Mounted at /content/drive


## 2. How could logarithms of token probabilities be computed for OpenAI models?

In [12]:
import openai

from openai import OpenAI
client = OpenAI()

response = client.chat.completions.create(
  model="gpt-4",
  messages=[
    {
      "role": "system",
      "content": "You will be provided with statements, and your task is to convert them to standard English."
    },
    {
      "role": "user",
      "content": "She no went to the market."
    }
  ],
  temperature=0.7,
  max_tokens=64,
  logprobs=True
)

response

ChatCompletion(id='chatcmpl-9YUv53zV20gvbTb2t0t786wp91T8Y', choices=[Choice(finish_reason='stop', index=0, logprobs=ChoiceLogprobs(content=[ChatCompletionTokenLogprob(token='She', bytes=[83, 104, 101], logprob=-2.319992e-05, top_logprobs=[]), ChatCompletionTokenLogprob(token=' didn', bytes=[32, 100, 105, 100, 110], logprob=-0.33082667, top_logprobs=[]), ChatCompletionTokenLogprob(token="'t", bytes=[39, 116], logprob=0.0, top_logprobs=[]), ChatCompletionTokenLogprob(token=' go', bytes=[32, 103, 111], logprob=-3.1281633e-07, top_logprobs=[]), ChatCompletionTokenLogprob(token=' to', bytes=[32, 116, 111], logprob=-1.9361265e-07, top_logprobs=[]), ChatCompletionTokenLogprob(token=' the', bytes=[32, 116, 104, 101], logprob=-1.0280384e-06, top_logprobs=[]), ChatCompletionTokenLogprob(token=' market', bytes=[32, 109, 97, 114, 107, 101, 116], logprob=-1.9361265e-07, top_logprobs=[]), ChatCompletionTokenLogprob(token='.', bytes=[46], logprob=-5.2001665e-06, top_logprobs=[])]), message=ChatComple

## 3. How to work with the G-Eval within the DeepEval framework?

In [13]:
from deepeval.metrics import GEval
from deepeval.test_case import LLMTestCaseParams
from deepeval.models.gpt_model import GPTModel

model = GPTModel(
    model="gpt-4",
    temperature=0.3
)

correctness_metric = GEval(
    model=model,
    name="Correctness",
    criteria="Determine whether the actual output is factually correct based on the expected output.",
    # NOTE: you can only provide either criteria or evaluation_steps, and not both
    # evaluation_steps=[
    #     "Check whether the facts in 'actual output' contradicts any facts in 'expected output'",
    #     "You should also heavily penalize omission of detail",
    #     "Vague language, or contradicting OPINIONS, are OK"
    # ],
    evaluation_params=[LLMTestCaseParams.INPUT, LLMTestCaseParams.ACTUAL_OUTPUT],
)

from deepeval.test_case import LLMTestCase

test_case = LLMTestCase(
    input="The dog chased the cat up the tree, who ran up the tree?",
    actual_output="It depends, some might consider the cat, while others might argue the dog.",
    expected_output="The cat."
)

correctness_metric.measure(test_case)

print("Evaluation steps:")
for eval_step in correctness_metric.evaluation_steps:
  print("-", eval_step)
print("Score:", correctness_metric.score)
print("Reson:", correctness_metric.reason)

Output()

Evaluation steps:
- Compare the actual output to the expected output to determine if they match.
- Verify the factual accuracy of the actual output by cross-referencing with reliable sources.
- If the actual output does not match the expected output, identify the discrepancies and analyze the reasons for the differences.
- Evaluate the quality of the actual output based on its accuracy, completeness, and relevance to the expected output.
Score: 0.06948416024836306
Reson: The actual output does not match the expected output. The factual accuracy is incorrect as the input clearly states that the cat ran up the tree, not the dog.

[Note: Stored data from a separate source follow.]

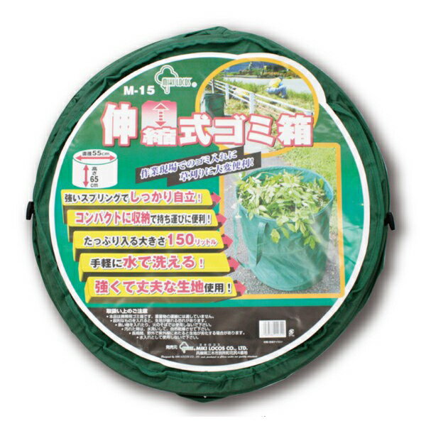 ミキロコス 伸縮式ゴミ箱 M-15 【特長】 水洗いOK!(※水入れとしては使用できません)150Lのたっぷり容量。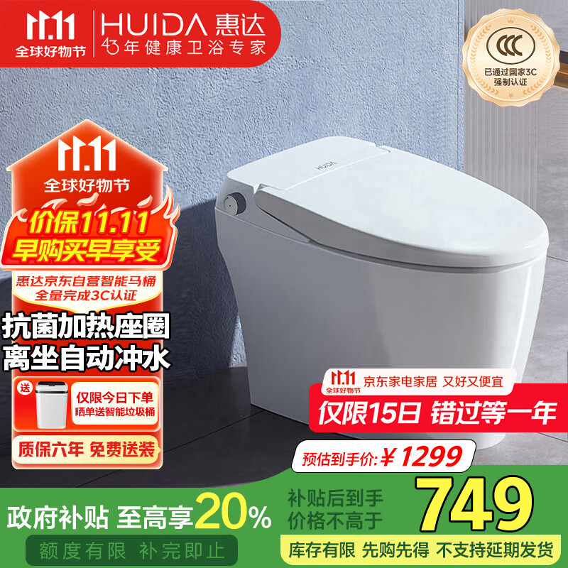 自营惠达(HUIDA)智能马桶家用抗菌座圈加热无水箱离座冲水HDZA-K69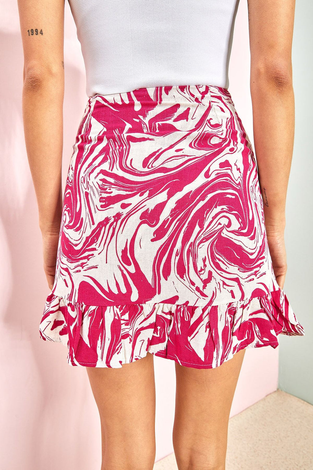 Women's skirt frilled buckle detailed patterned linen skirt 7079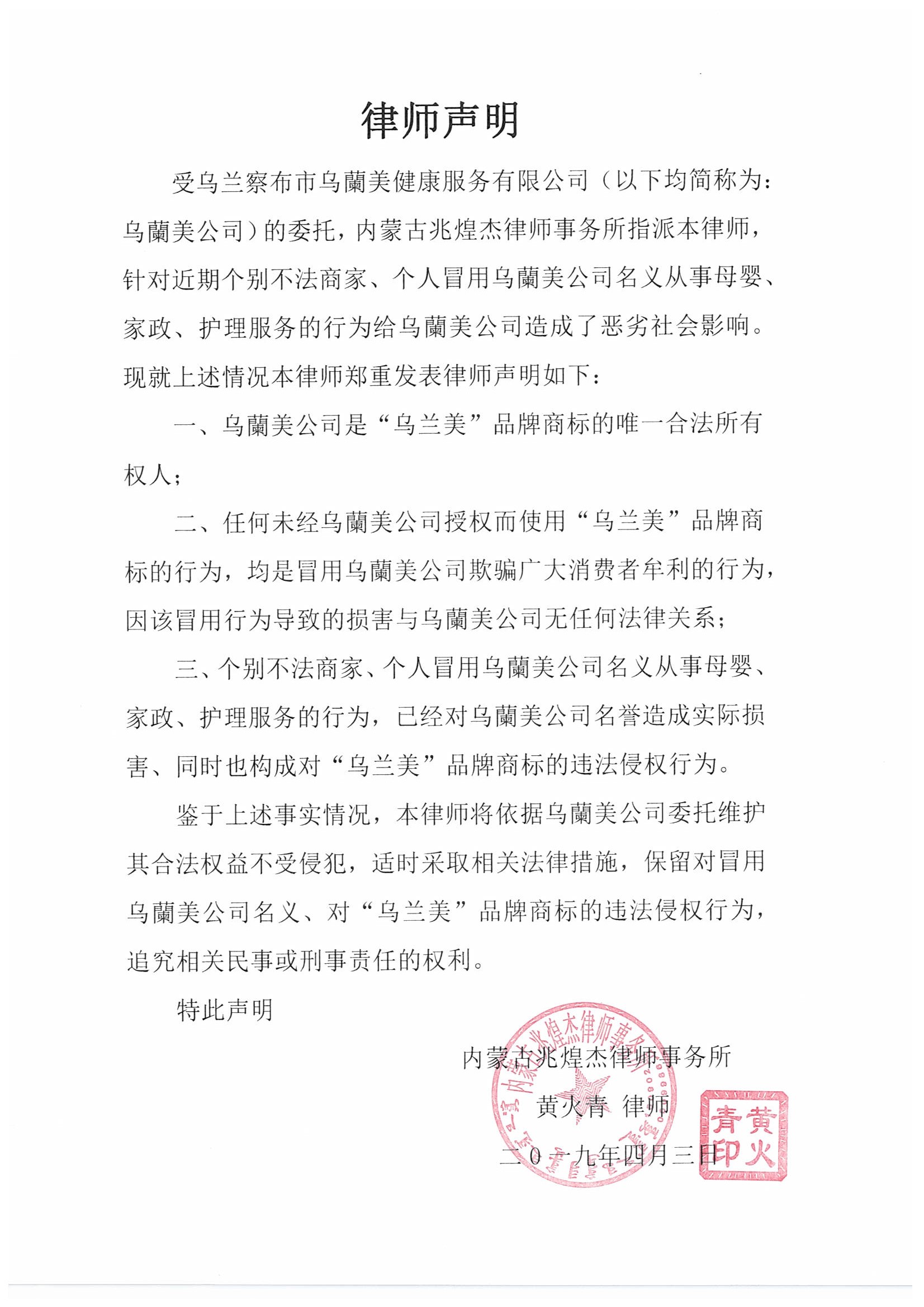 針對近期個別不法商家、個人冒用烏蘭察布市烏蘭美健康服務(wù)有限公司名義從事母嬰、家政、護理服務(wù)的行為,給公司造成了惡劣的社會影響。現(xiàn)公司委托內(nèi)蒙古兆煌杰律師事務(wù)所黃火青律師,發(fā)表律師聲明如下:

## 4. Implementing Unit tests using DeepEval framework

In [17]:
%%ipytest

import pytest
from deepeval import assert_test
from deepeval.metrics import AnswerRelevancyMetric
from deepeval.test_case import LLMTestCase

def test_case():
    answer_relevancy_metric = AnswerRelevancyMetric(threshold=0.5)
    test_case = LLMTestCase(
        input="What if these shoes don't fit?",

        actual_output="We offer a 30-day full refund at no extra costs.",
        retrieval_context=["All customers are eligible for a 30 day full refund at no extra costs."]
    )
    assert_test(test_case, [answer_relevancy_metric])

Output()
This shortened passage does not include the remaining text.